[Start of section]

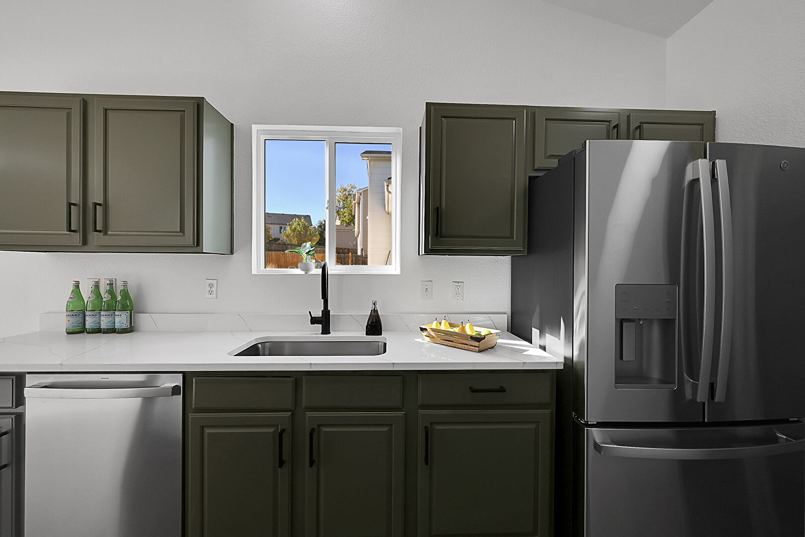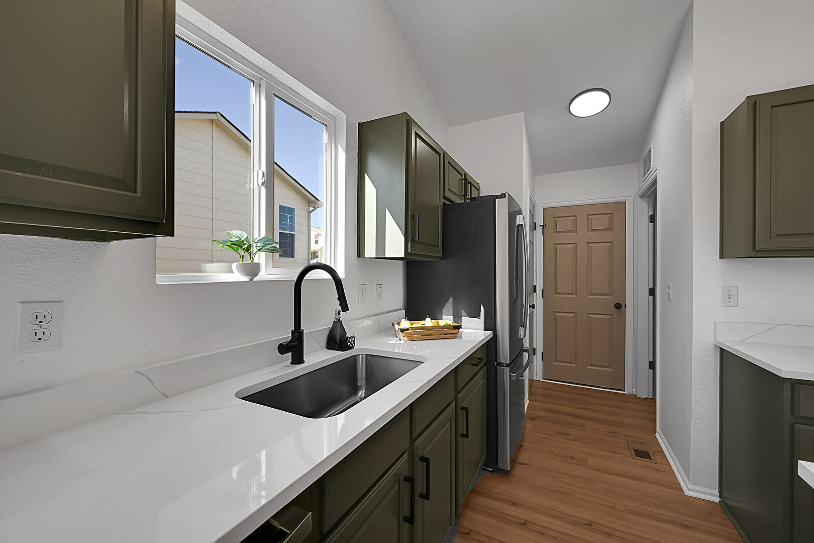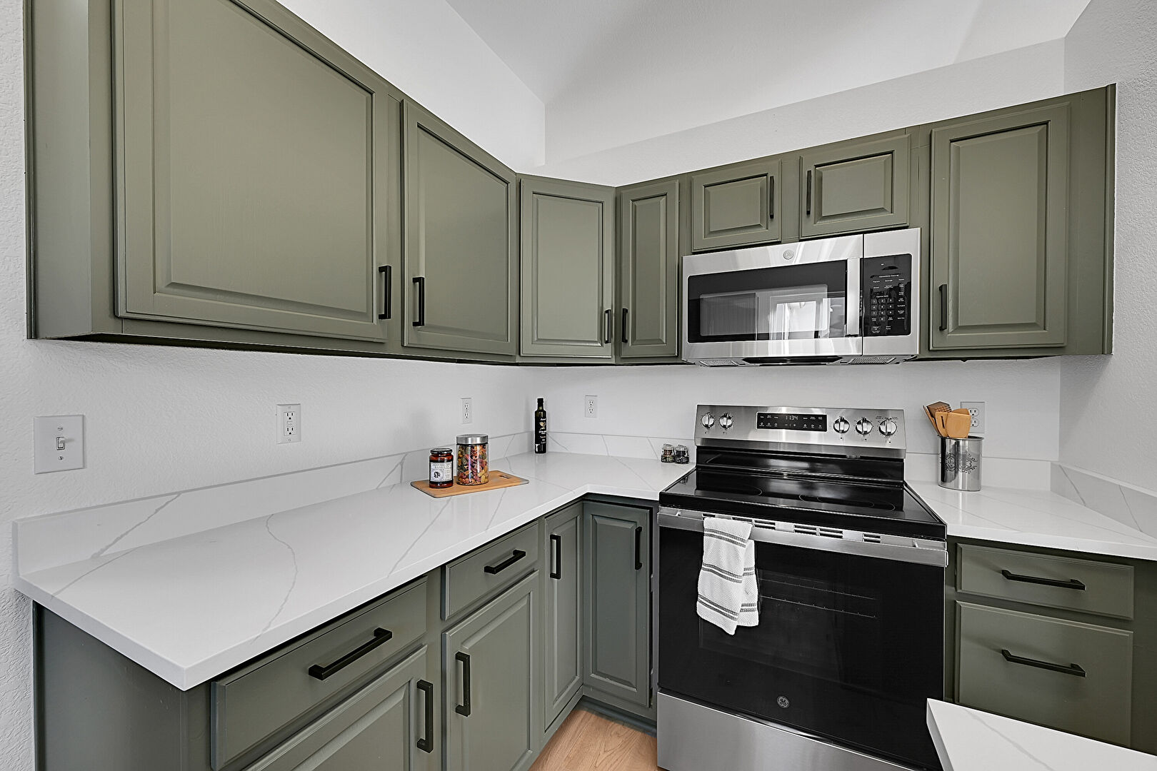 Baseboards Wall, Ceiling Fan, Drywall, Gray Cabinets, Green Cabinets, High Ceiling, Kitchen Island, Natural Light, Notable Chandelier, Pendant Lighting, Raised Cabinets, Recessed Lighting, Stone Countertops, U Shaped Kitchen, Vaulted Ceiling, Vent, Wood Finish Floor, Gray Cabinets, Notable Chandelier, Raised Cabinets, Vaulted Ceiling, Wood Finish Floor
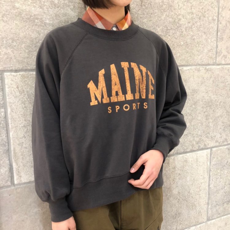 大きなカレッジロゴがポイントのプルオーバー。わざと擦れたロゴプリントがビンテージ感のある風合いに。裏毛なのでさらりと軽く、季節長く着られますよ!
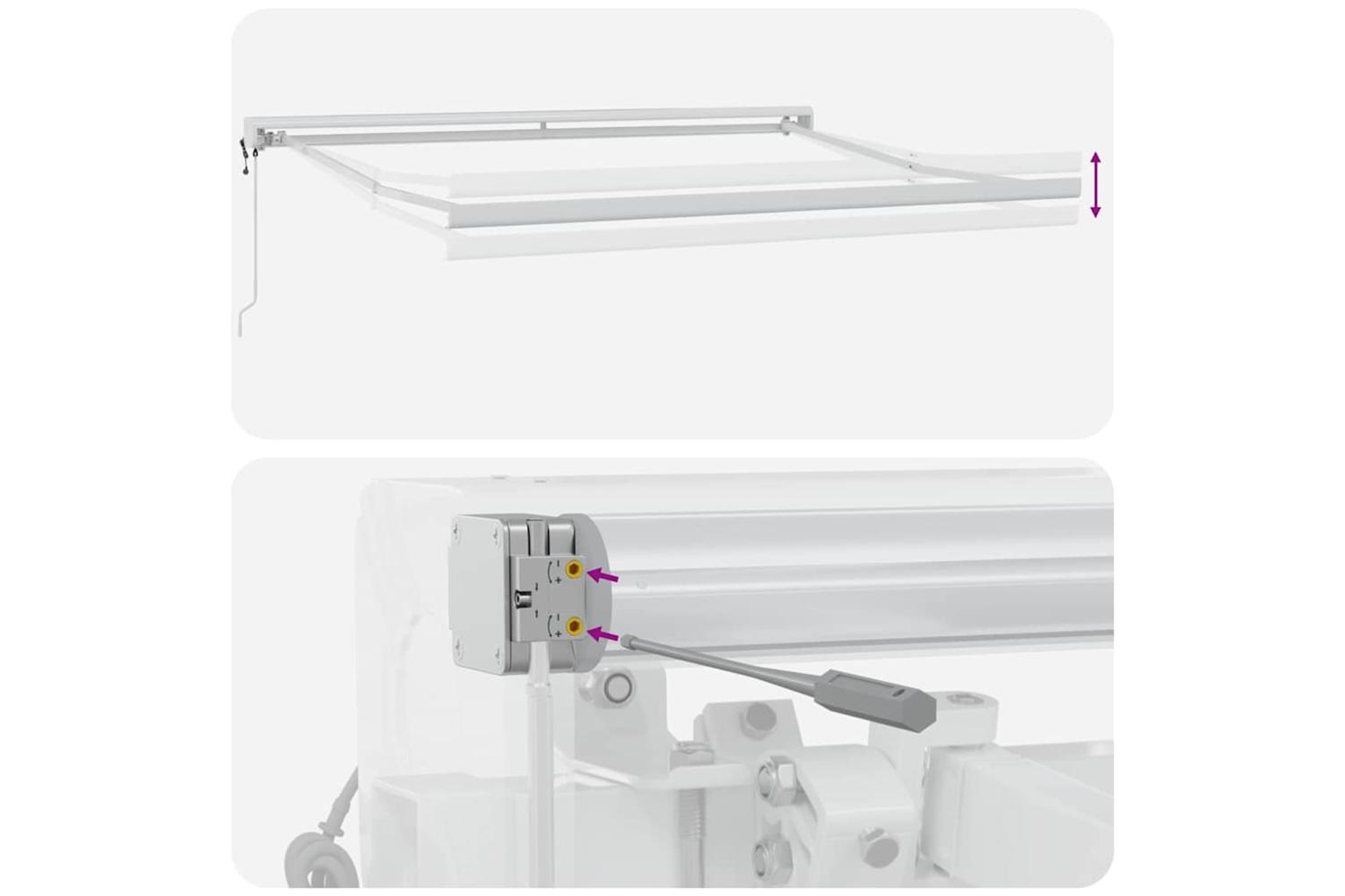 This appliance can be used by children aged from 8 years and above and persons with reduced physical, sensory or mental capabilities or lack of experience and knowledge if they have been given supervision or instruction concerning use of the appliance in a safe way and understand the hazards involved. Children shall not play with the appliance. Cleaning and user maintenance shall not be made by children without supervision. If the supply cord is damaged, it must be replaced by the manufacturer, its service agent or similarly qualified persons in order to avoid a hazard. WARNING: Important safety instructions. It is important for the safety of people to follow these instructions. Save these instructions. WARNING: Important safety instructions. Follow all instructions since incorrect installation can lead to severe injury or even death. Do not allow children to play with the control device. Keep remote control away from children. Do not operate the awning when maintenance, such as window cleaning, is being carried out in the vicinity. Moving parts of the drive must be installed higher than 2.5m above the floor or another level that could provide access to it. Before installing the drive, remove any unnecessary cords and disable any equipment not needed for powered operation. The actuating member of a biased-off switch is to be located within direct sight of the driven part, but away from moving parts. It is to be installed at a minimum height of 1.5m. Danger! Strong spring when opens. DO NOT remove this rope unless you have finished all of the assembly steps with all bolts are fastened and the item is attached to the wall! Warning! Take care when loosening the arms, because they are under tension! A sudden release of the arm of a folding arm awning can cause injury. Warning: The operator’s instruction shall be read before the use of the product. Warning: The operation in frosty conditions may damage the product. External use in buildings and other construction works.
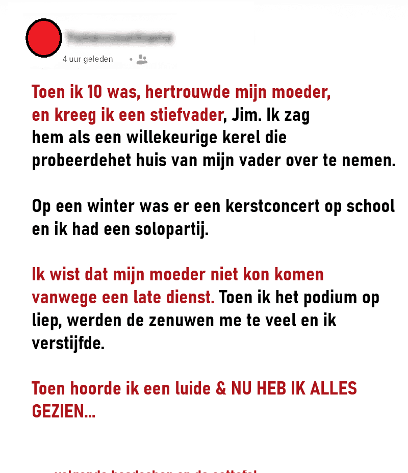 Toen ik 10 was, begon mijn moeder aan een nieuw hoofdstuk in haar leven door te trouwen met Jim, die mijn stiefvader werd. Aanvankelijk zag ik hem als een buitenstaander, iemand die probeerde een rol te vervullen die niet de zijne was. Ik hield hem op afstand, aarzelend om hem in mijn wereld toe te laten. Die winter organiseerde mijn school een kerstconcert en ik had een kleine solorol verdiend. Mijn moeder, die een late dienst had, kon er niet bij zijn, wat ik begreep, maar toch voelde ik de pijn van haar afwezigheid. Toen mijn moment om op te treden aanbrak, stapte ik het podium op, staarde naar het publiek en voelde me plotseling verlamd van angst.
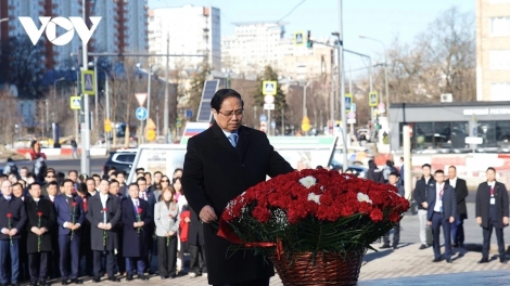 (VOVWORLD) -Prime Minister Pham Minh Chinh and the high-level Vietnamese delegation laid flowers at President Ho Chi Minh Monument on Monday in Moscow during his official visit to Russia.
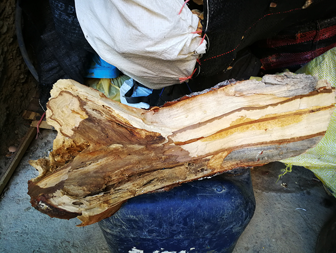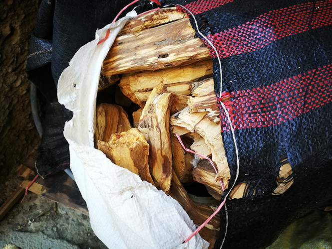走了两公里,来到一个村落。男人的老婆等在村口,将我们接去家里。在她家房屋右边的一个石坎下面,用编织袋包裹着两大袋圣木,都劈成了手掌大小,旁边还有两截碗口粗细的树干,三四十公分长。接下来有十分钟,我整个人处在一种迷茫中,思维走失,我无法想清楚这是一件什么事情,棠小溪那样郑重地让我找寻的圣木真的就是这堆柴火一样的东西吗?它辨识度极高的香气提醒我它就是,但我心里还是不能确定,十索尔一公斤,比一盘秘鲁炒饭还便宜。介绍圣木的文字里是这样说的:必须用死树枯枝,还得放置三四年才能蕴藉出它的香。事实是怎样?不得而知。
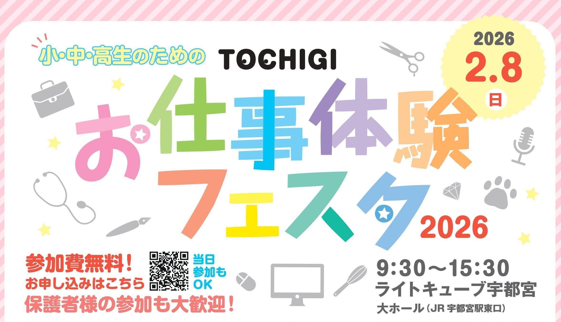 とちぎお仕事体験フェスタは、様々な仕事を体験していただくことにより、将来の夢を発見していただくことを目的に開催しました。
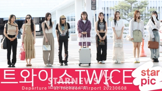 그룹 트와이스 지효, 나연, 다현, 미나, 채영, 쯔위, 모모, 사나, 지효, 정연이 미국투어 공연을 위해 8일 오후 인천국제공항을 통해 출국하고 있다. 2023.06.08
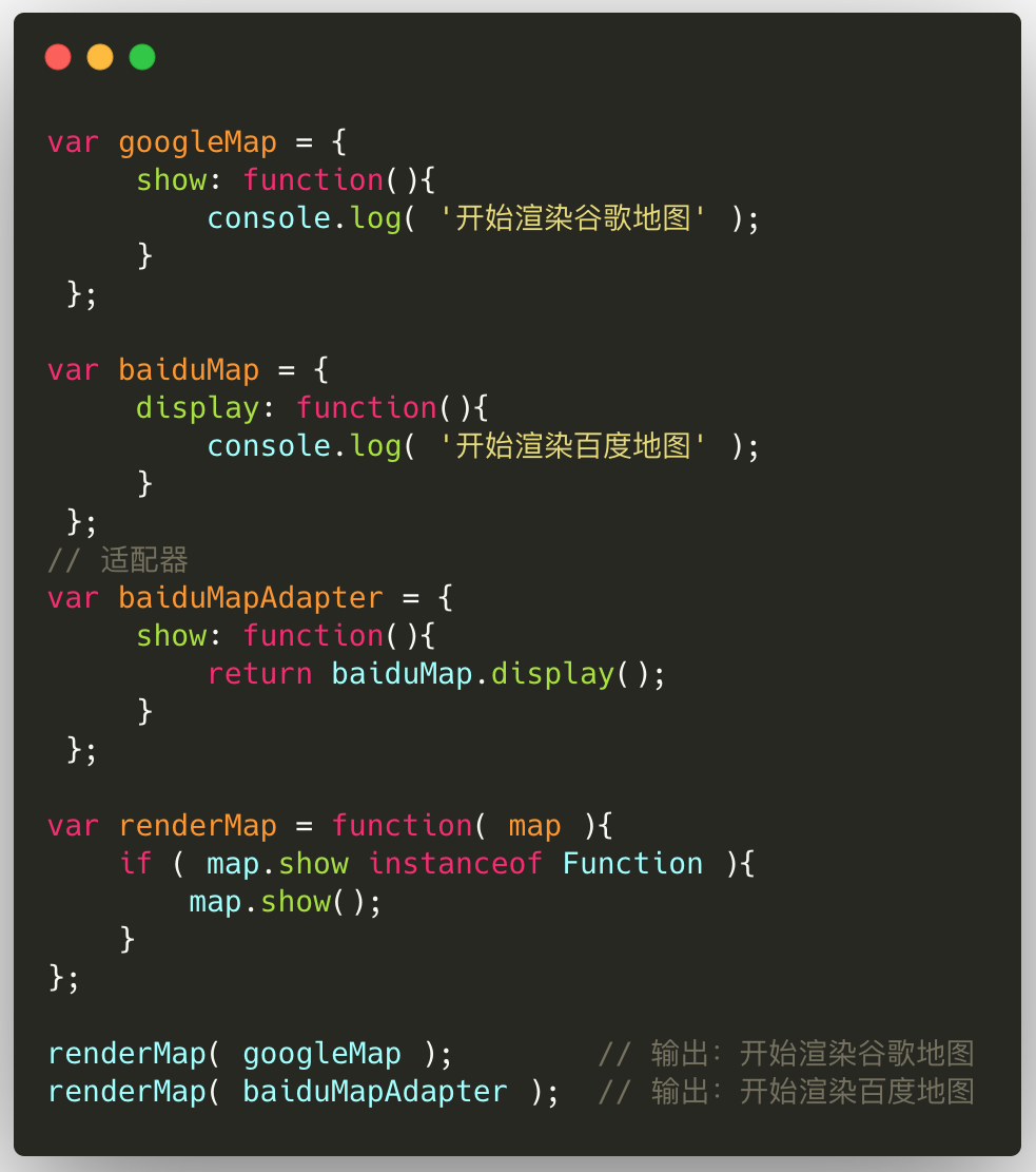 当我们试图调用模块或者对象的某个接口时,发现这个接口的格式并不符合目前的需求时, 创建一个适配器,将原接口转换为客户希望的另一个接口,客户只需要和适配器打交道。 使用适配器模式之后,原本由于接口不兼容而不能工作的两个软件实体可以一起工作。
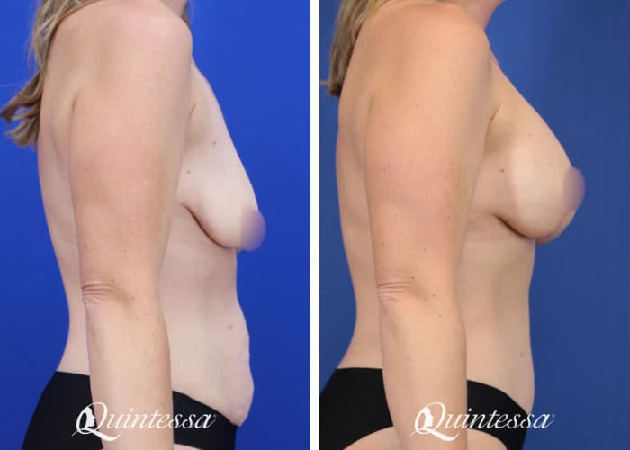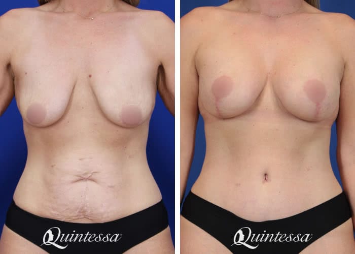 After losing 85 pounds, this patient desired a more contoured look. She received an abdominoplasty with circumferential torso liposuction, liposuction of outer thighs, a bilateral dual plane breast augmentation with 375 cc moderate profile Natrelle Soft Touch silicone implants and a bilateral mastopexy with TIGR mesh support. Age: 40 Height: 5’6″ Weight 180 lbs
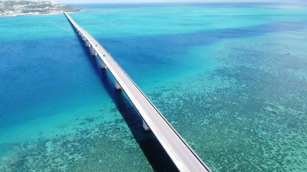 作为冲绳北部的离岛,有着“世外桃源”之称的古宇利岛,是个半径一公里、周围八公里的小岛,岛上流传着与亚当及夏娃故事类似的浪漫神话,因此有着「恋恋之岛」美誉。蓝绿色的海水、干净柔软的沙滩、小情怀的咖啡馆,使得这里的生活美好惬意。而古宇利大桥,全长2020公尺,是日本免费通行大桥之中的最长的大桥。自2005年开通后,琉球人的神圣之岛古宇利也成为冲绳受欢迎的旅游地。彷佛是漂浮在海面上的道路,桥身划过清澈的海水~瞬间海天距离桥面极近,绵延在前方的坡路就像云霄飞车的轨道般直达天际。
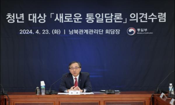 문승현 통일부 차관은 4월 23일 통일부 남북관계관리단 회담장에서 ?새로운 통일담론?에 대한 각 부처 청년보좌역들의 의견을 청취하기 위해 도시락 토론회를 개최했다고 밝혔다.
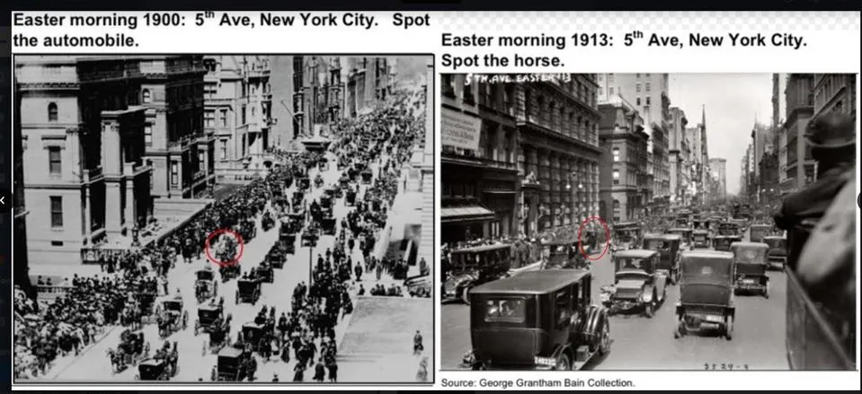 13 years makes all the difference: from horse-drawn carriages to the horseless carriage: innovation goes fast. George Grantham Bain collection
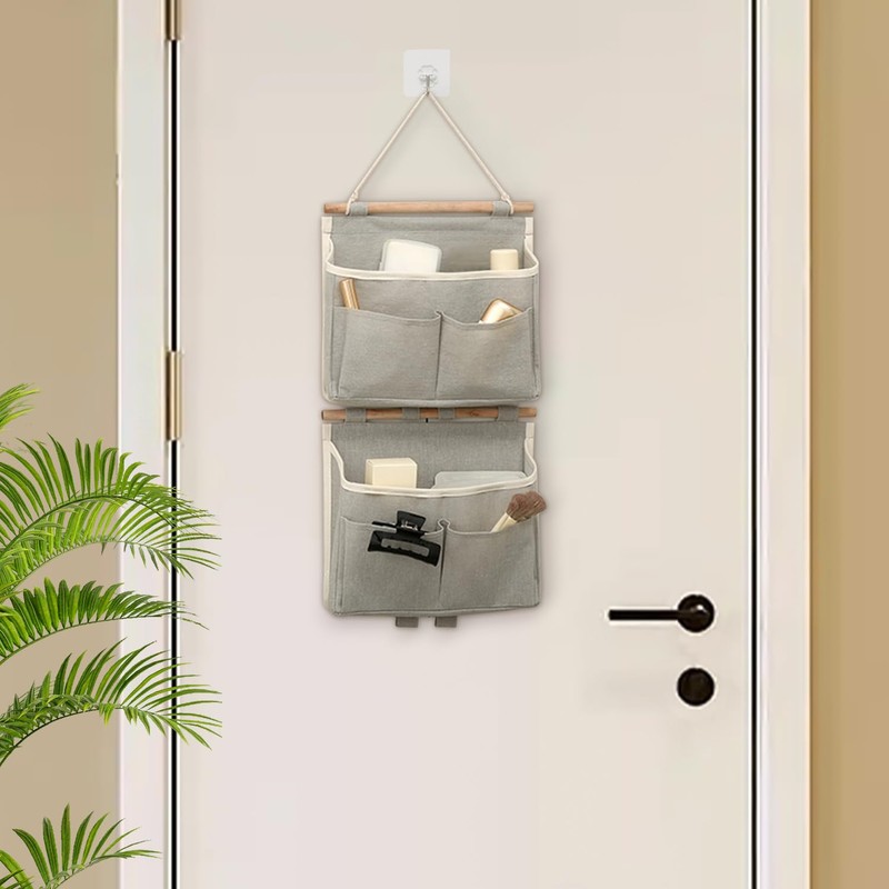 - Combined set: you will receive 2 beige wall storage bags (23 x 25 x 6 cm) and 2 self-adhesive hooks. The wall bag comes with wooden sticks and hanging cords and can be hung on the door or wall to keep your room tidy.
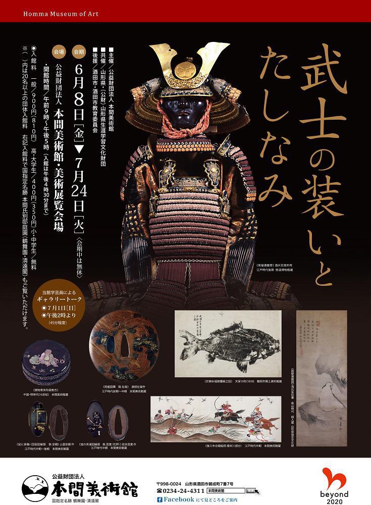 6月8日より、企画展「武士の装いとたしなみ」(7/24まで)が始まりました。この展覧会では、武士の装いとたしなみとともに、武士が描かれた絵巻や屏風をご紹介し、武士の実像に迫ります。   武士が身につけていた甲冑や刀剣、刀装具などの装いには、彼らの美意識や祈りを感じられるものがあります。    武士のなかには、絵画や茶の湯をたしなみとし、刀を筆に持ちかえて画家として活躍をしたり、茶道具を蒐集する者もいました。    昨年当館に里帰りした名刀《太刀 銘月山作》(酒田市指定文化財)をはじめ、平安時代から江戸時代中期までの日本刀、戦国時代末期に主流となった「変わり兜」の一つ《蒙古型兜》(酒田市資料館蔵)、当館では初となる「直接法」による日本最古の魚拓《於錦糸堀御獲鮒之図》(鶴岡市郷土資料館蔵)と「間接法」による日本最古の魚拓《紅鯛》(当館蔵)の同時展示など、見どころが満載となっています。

[End of section]

## [Assigned task]
Copy the lines exactly as they appear from the opening of the entries above through the line with "大きなカレッジロゴがポイント", excluding all pictures.

## [Written answer]
 Baseboards Wall, Ceiling Fan, Drywall, Gray Cabinets, Green Cabinets, High Ceiling, Kitchen Island, Natural Light, Notable Chandelier, Pendant Lighting, Raised Cabinets, Recessed Lighting, Stone Countertops, U Shaped Kitchen, Vaulted Ceiling, Vent, Wood Finish Floor, Gray Cabinets, Notable Chandelier, Raised Cabinets, Vaulted Ceiling, Wood Finish Floor
 大きなカレッジロゴがポイントのプルオーバー。わざと擦れたロゴプリントがビンテージ感のある風合いに。裏毛なのでさらりと軽く、季節長く着られますよ!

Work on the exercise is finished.